Datasets and transforms can also be loaded from a YAML config:

```yaml
# config.yaml
dataset:
  dataset_name: beans
  split: train
  sample_rate: 16000
  transformations:
    - type: filter
      property: source_dataset
      mode: include
      values: ["watkins"]
```

```python
from alp_data import dataset_from_config

ds, transform_metadata = dataset_from_config("config.yaml")

# ds now only contains "watkins" samples from the BEANS train split, resampled to 16kHz.
```

## Installation
```sh
git clone https://github.com/earthspecies/alp-data.git
cd alp-data
pip install -e .  # or uv sync
```

## Development

This repository uses [uv](https://docs.astral.sh/uv/) for dependency management.

```sh
# Install all dependencies including dev tools
uv sync --dev

# Set up pre-commit hooks (uses prek; pass --overwrite to replace existing pre-commit lib hooks)
uv run prek install

# Run tests (Note: some tests require authentication via google or cloudflare; see test files for details)
uv run pytest
```

## Documentation
Build documentation locally with:

```sh
make serve-local-docs
# Hosts docs at http://localhost:8000
```

## Highlights

- **Source-flexible loading** — built-in datasets stream from a public Cloudflare R2 bucket; the I/O module can also read from local paths, GCS, S3, and other R2 buckets, with CSV / JSON-Lines / Parquet manifests supported at the backend layer.
- **Iterate or random-access indexing** — every Dataset supports `for sample in ds` and `ds[i]`.
- **Streaming mode** — process datasets larger than memory with `streaming=True`.
- **Configurable transforms** — filter rows, select columns, derive labels, deduplicate, balance, upsample long tails, subsample by ratio.
- **Combine datasets** — `ConcatenatedDataset` merges multiple datasets with configurable column-merge strategies; `ChainedDataset` iterates over them sequentially with streaming support.
- **Pluggable backends** — pandas or polars under the hood, selectable per-Dataset.


## License

alp-data is released under the MIT License.

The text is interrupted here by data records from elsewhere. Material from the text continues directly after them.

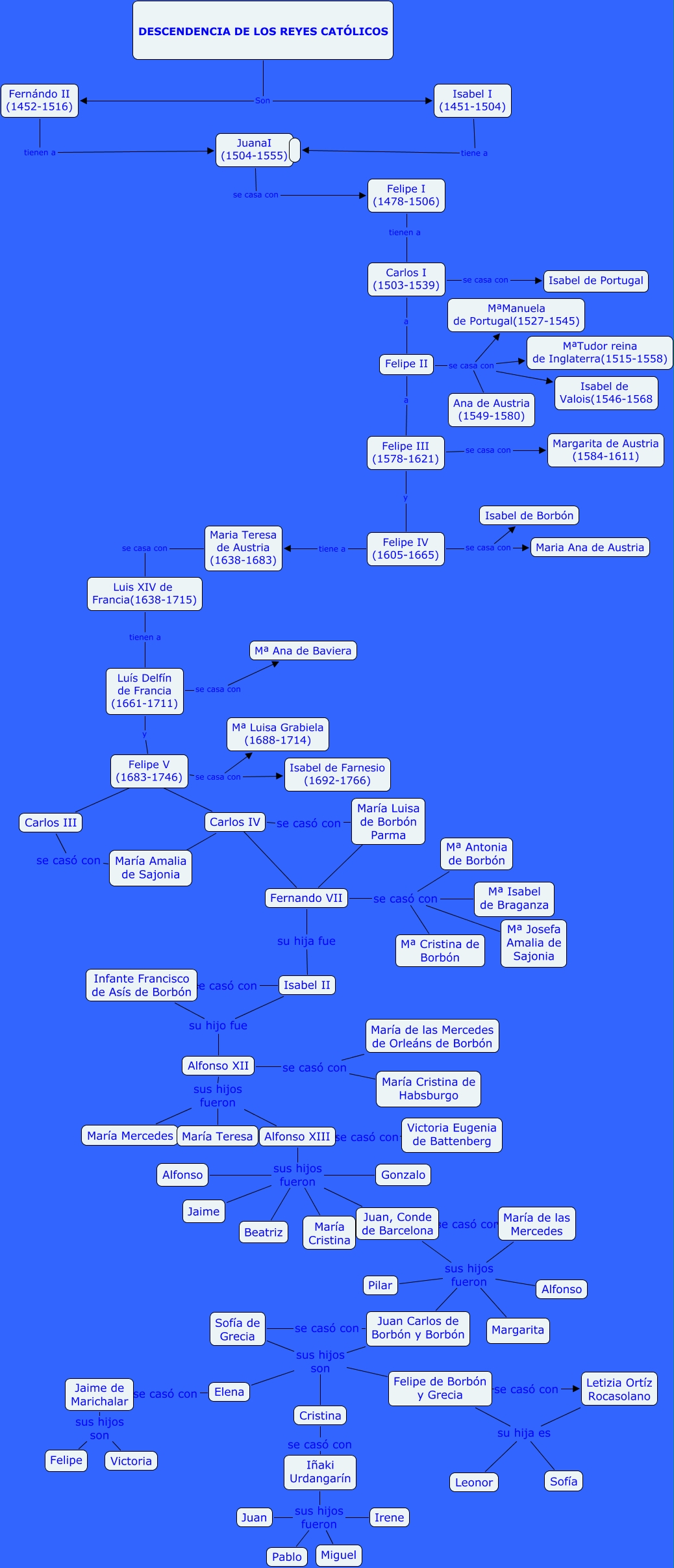 Este mapa conceptual tiene información relacionada a: 09.Sonia de Prado Baños.Árbol Genealógico, Alfonso XIII se casó con Victoria Eugenia de Battenberg, María de las Mercedes sus hijos fueron Margarita, Felipe II se casa con Isabel de Valois(1546-1568, Carlos I (1503-1539) a Felipe II, Iñaki Urdangarín sus hijos fueron Juan, Alfonso XII sus hijos fueron Alfonso XIII, María de las Mercedes sus hijos fueron Alfonso, Alfonso XIII sus hijos fueron Beatriz, Isabel II su hijo fue Alfonso XII, Felipe V (1683-1746) se casa con Isabel de Farnesio (1692-1766), Infante Francisco de Asís de Borbón su hijo fue Alfonso XII, Felipe I (1478-1506) tienen a Carlos I (1503-1539), Carlos III ???? Carlos IV, Juan, Conde de Barcelona se casó con María de las Mercedes, Sofía de Grecia sus hijos son Felipe de Borbón y Grecia, Jaime de Marichalar sus hijos son Felipe, Fernando VII su hija fue Isabel II, Alfonso XII se casó con María de las Mercedes de Orleáns de Borbón, Fernando VII se casó con Mª Josefa Amalia de Sajonia, Felipe de Borbón y Grecia se casó con Letizia Ortíz Rocasolano
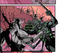 Carcer was brought to Graegan's arctic region where the second Hurde vessel was being kept under guard. Despite Carcer being invited to investigate, his loyalty was brought into question as many of the military soldiers found it suspicious that the man managed to not only survived the Hurde once but twice and even suspected him being an agent of the aliens. When Carcer was brought on the Hurde ship, his eyes began to react to the controls. One of the soldiers turned his weapon on him, causing Carcer to lash out to defend himself taking the guard out and his companion. The connection to the Hurde ship strained Carcer, weakening him long enough for the military soldiers to restrain him, now more convinced that he was compromised by the Hurde.
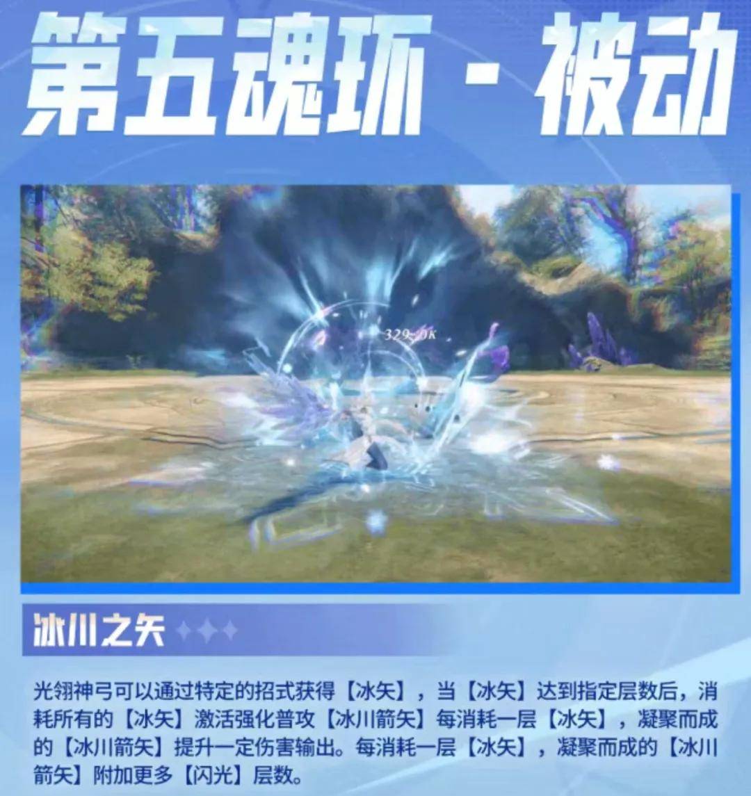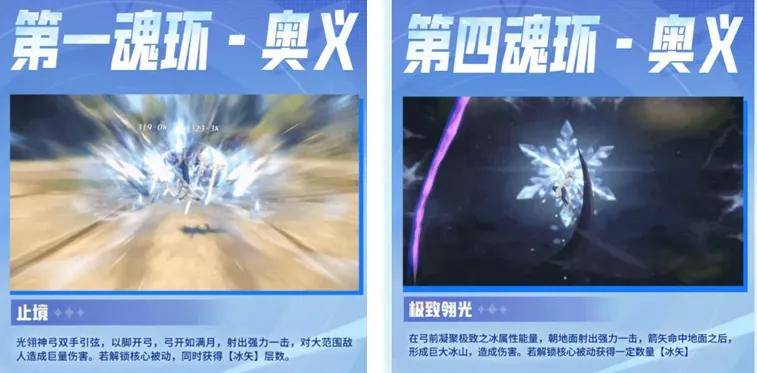 接着结合到光翎的两个大招来分析,其基本上都是纯输出型的大招,外加可以给敌人施加一个“冰矢”状态并叠加层数,当然这个“冰矢”也是提升光翎斗罗输出的一个核心状态,等下在被动技能部分我们再详说。

See [LICENSE](LICENSE) for the full text.

The datasets accessed through alp-data are governed by their own licenses, set by their original creators — independent of alp-data's code license. Most are openly licensed (CC-BY, CC-BY-NC, CC0, public domain), but terms vary per dataset and may include attribution, share-alike, or non-commercial restrictions. Per-dataset license and source metadata are available via `Dataset.info`.

## Contributing

For improvements, bug reports, or proposals, open an issue or pull request.